# Same sh!t, different day ...



## chonkie (Jul 31, 2014)

Yep, typical. Other trades not doing their jobs right. Marble guy decided to modify a plumbing fixture instead of doing his job. Sent a nice text to the gc. Made them get a new sink and cut the holes. Nice to see it actually got done right. I think this company isn't going to last.


----------



## chonkie (Jul 31, 2014)

Same house, different area, same old mistakes.


----------



## mccmech (Jul 6, 2011)

chonkie said:


> Same house, different area, same old mistakes.

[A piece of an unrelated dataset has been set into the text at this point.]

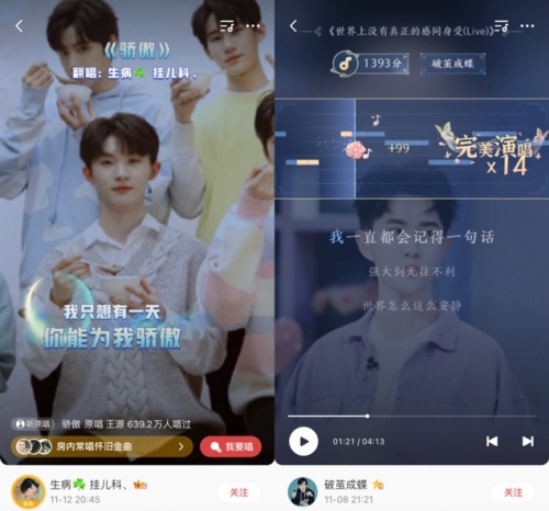 除了新专辑,王源的其他歌曲也在歌迷的演唱歌单上“榜上有名”,《骄傲》《世界上没有真正的感同身受》《十七》都在全民K歌拥有上百万的翻唱量。K歌用户“生病挂儿科”翻唱的《骄傲》,充满故事感的嗓音搭配深情的演唱,不仅唱出了对母亲的不舍,更唱出了不能陪伴在母亲身边的愧疚之情,歌声传情不外如是!K歌用户“破茧成蝶”翻唱的《世界上没有真正的感同身受》,她的嗓音温柔舒缓,在低吟浅唱中将自己的无助与孤独娓娓道来,留言区那句“初唱感慨词中人,再唱感慨词中己”更是引发了一众友友的共鸣!

They do get a cut sheet for the faucet, yes? I never cease to be amazed at the laziness of the other trades! People wonder why we charge what we do......it's because we have to think for, babysit & work around every other stinking trade that touches a project.


----------



## paultheplumber1 (May 1, 2014)

I've run into a few granite guys who miscut the holes to close to the bowl. It's even worse when it's the kohler faucets with the more oval nuts


----------



## SchmitzPlumbing (May 5, 2014)

i am shaking my head at the countertop guys and the expensive tops with a $60 mustee sink.


----------



## dhal22 (Jul 30, 2010)

paultheplumber1 said:


> I've run into a few granite guys who miscut the holes to close to the bowl. It's even worse when it's the kohler faucets with the more oval nuts


It's happened to my jobs so many times I don't even stop to say hi, I head straight for the faucet holes. I know good and well they aren't drilled right.


----------



## chonkie (Jul 31, 2014)

dhal22 said:


> It's happened to my jobs so many times I don't even stop to say hi, I head straight for the faucet holes. I know good and well they aren't drilled right.


Good, it's not just me. Although most times they are drilled "right enough", it seems there is always one they drilled really wrong.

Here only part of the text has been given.